Eles são muitos e estão por toda a
parte. Hoje, praticamente tudo se
faz pedindo "um dinheiro aí" de renúncia fiscal, sem que o Estado demonstre capacidade de selecionar
os projetos e acompanhar as prestações de contas.
Não há dúvida de que esses recursos representam um ganho para a
área e se traduzem numa dinamização cultural. Afinal, como costuma
exemplificar um crítico desse sistema, se você pegar uma determinada
quantia de dinheiro e todo ano atirá-la pela janela, sem nenhum critério,
para os moradores de uma rua, passado o tempo certamente alguns
progressos serão registrados. A
questão é saber até que ponto esses
"progressos" devem ser fruto de um
jogo sem regras ou de políticas que
imprimam racionalidade à distribuição do dinheiro.
Concessões de incentivos fiscais
se justificam sob alguns pressupostos.
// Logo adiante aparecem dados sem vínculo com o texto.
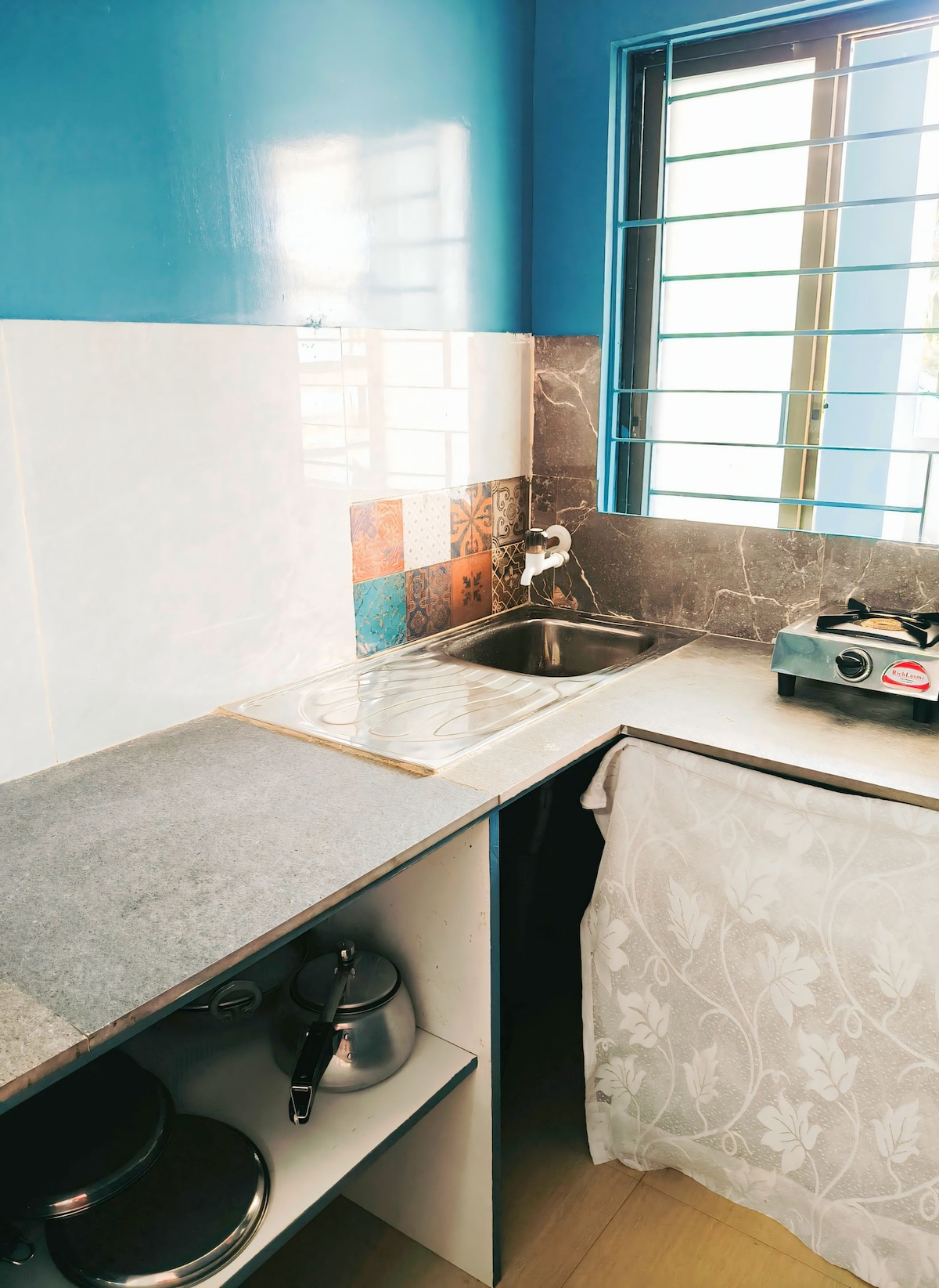 Welcome to our charming 1BHK homestay. It is a 2BHK unit converted to 1BHK for 2person booking. Completely private and no shared space. The 2nd bedroom remains locked so that the guests don’t have to share the space. Located at the 2nd floor of a G+2 building (no lift facility). The space features a tastefully furnished bedroom, a cozy living area , a well-equipped kitchen and a dining area creating the perfect blend of style and convenience.

No caso da cultura, o mínimo a
esperar é que a legislação fosse um
fator de indução ao investimento.
Ou seja, o Estado renunciaria a receitas para estimular a participação
do investidor privado em cultura e a
formação de um mercado capaz de,
no futuro, dispensar o uso desses recursos -que se dirigiriam prioritariamente para setores e projetos nos
quais a presença pública seria de fato justificável e necessária.